Мэр призывал к тишине и порядку, но безуспешно. Он просил, даже умолял, но тишина установилась лишь после того, как сестра Клер, которую вернула к жизни пригоршня соли, услужливо сунутая ей под самый нос сестрою Клотильдой, встала, шатаясь, на ноги. Лишь тогда мэр смог продолжить:

– Эта девица проведет ночь здесь; разумеется, связанной. На рассвете наш совет вновь соберется и…

Тут сестра Екатерина и сестра Клотильда вновь попытались завести разговор о епископе. Сестра Маргарита отнеслась к их словам безучастно, а сестра Клер, которую до того смотрительница лазарета поддерживала под локоть, высвободила руку – после чего пожилая монахиня, устало вздохнув, отошла в сторону – и заявила, что это дела мирские и потому решать их нужно келейно, в самом монастыре, так что нечего зря тревожить епископа: тот и так согласится со всем, что скажет месье мэр. При этом последний с некоторым озорством в голосе заметил, что недостоин, чтобы его ставили в один ряд с самим епископом, но, прежде чем старый лукавец, принявший теперь весьма изящную позу, успел, гордо выпячивая клинышек своей бороды, завершить начатую им фразу, его перебили девицы, начав наперебой предлагать свои наказания: меня следовало сжечь на костре, отправить в изгнание, удушить с помощью положенных на меня досок, поверх которых можно, к примеру, навалить камни, общий вес которых вдвое превосходил бы мой собственный… Я слушала их, опешив от подобной дикости . И где они только вычитали о подобных приговорах?

Когда мэру наконец дали договорить, было решено: меня запрут на ночь и на рассвете устроят допрос. Что же до сестры Клер де Сазильи, ближайшее утро застанет ее новой матерью-настоятельницей монастыря.

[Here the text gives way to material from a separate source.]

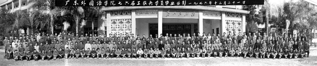 10月,广东省革命委员会对广东高校实行“调、并、迁、改”,中山大学外语系、暨南大学外语系、外贸系以及广州外国语学校并入广州外国语学院,同时学校更名为“广东外国语学院”。校址迁至广州市北郊黄婆洞原中南林学院旧址。

Собравшиеся встретили эту весть радостными возгласами. Лишь сестра Клер все никак не могла оправиться от пережитого ею потрясения. Она молча стояла, не в силах оторвать от меня взор, а обезображенное лицо ее было страшным. Мэр, словно заправский епископ, вознес молитву о скорейшем ее выздоровлении и благословил ее грядущее управление монастырем. На том и закончили. Сестру Клер подхватили под руки юные сподвижницы и вывели из библиотеки; позади шли смотрительница лазарета, ключница и совсем сбитая с толку молодая сестра Екатерина.

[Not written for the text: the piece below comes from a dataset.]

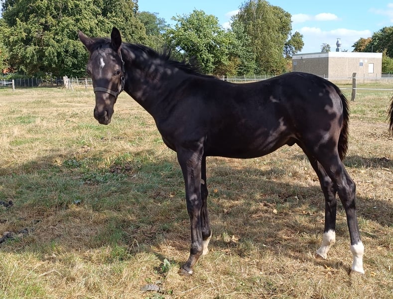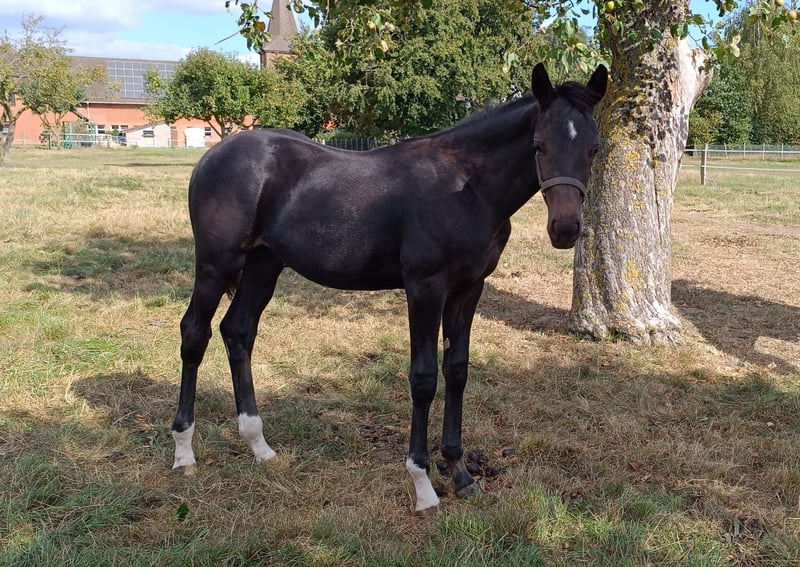 Dinero was born on April 29, 2025, is very curious, fearless, and has been very people-oriented since day one. He is also very athletic, muscular, absolutely correctly built, and has a fine, small, bright little head. Dinero shares the pasture with his mother and his two "big" sisters and is growing up in this small family unit. Three older siblings of Dinero are now being ridden by their new owners. Everyone is enthusiastic about their character, willingness to learn, and development under saddle. His mother is a state premium mare, passing on her potential and positive calmness to all her foals. Father Despacito impressed with a clear victory in the Hanoverian Championship in Verden with a dream score of 8.8 and subsequently won the silver medal at the Bundeschampionat in Warendorf. Despacito has influenced the last foal crops and consistently passed on his charisma and athleticism to all his foals. For further information, please feel free to contact us by phone (Tel: 05074-419). A viewing is possible at any time by prior arrangement.

Едва сестра Клер скрылась из виду, как я услышала позади себя звон и бряцание цепей. Я обернулась – насколько могла повернуть голову, ибо меня по-прежнему крепко держали мужские руки, – и увидела тех парней, которых мэр давеча отослал куда-то. Теперь, когда они исполнили его распоряжение, стало ясно, в чем оно состояло: они спускались по дальней лестнице в конюшню, дабы найти там что-нибудь, чем меня «стреножить», связав или сковав, – одним словом, обезопасить на ночь. Они принесли старые цепи – толстые, грязные, изъеденные ржавчиною; ими пользовались, когда по какой-то причине лошадьми овладевало беспокойство; на концах цепей имелись скобы, которые надевали на передние ноги чуть повыше копыт. Я повнимательнее присмотрелась и поняла: надежды на то, что ночью они соскользнут с меня, нет.

Мэр, уставший и выдохшийся, объявил, что его помощники позаботятся о деталях моего заточения, и отпустил еще остававшихся в малой библиотеке девиц и селян.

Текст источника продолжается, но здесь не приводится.